Here is a question about the details happening during system call.
However, one thing surprises me that the TSS maintains different stacks for different priviliges. That is, codes running in user mode and system mode are using different stack context.
Since system call is actually a function call, why couldn’t we just reuse the user stack and just create a new stack frame for that?
Advertisement
Answer
System calls and function calls are two completely different things. Kernel space and user space are two separate worlds, and you want to keep them separate as much as possible, both for simplicity and for security. Kernel operations must be transparent to user programs, and kernel data must remain visible to the kernel only. A syscall is not just a function call, the work done by the kernel needs to stay invisible to the user program.

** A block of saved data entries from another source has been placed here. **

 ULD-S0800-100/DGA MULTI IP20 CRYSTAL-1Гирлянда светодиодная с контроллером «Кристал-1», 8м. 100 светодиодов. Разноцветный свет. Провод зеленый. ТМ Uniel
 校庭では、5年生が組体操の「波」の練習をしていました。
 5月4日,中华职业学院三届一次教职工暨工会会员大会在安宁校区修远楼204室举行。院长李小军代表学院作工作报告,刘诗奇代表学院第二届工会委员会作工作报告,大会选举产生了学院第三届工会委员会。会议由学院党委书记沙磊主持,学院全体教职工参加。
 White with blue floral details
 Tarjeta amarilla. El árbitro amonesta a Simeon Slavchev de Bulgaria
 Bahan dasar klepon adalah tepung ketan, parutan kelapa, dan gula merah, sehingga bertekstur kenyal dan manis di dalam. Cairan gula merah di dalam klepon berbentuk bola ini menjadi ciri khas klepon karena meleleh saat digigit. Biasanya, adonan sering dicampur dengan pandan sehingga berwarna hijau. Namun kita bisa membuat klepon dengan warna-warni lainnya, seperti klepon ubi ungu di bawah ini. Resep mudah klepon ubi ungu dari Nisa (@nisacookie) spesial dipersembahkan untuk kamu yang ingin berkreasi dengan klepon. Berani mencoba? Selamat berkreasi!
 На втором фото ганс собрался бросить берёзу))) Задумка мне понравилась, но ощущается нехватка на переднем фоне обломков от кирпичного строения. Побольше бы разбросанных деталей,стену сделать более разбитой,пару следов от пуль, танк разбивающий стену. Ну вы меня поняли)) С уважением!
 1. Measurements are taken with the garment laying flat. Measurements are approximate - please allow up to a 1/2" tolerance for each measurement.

The simplest reason for using separate stacks is that they actually belong to two different programs: one is the user space program, the other is the operating system. These stacks have different sizes and offsets, and therefore are much simpler to be managed separately. Imagine what would happen if the user program were to make a syscall in a leaf function that has exhausted all the available stack: the kernel would either fail to execute it and crash, or it would have to detect this and avoid crashing by allocating more space on top of the current stack. This is much more complicated than keeping the two stacks separate, and it would be harder to keep it transparent to the user program (that is, unless you then revert those changes, which is complicating the situation even more).
In addition to the above, treating a syscall like a simple function call, thus making the kernel use the same stack as the calling program, would leave a lot of kernel data on the stack of the program (basically every single local variable used by kernel functions while processing the syscall). This is a side effect that should not happen, as it would expose a lot of kernel data and addresses to userspace, which is also a security problem. If the kernel were to use the same stack as the user program that issued the syscall, every single kernel function would need to “clean out” all the local variables used before returning (and even clean out the saved return addresses on the stack), which would make the entire operating system a lot slower, and would also still not be transparent to the user program.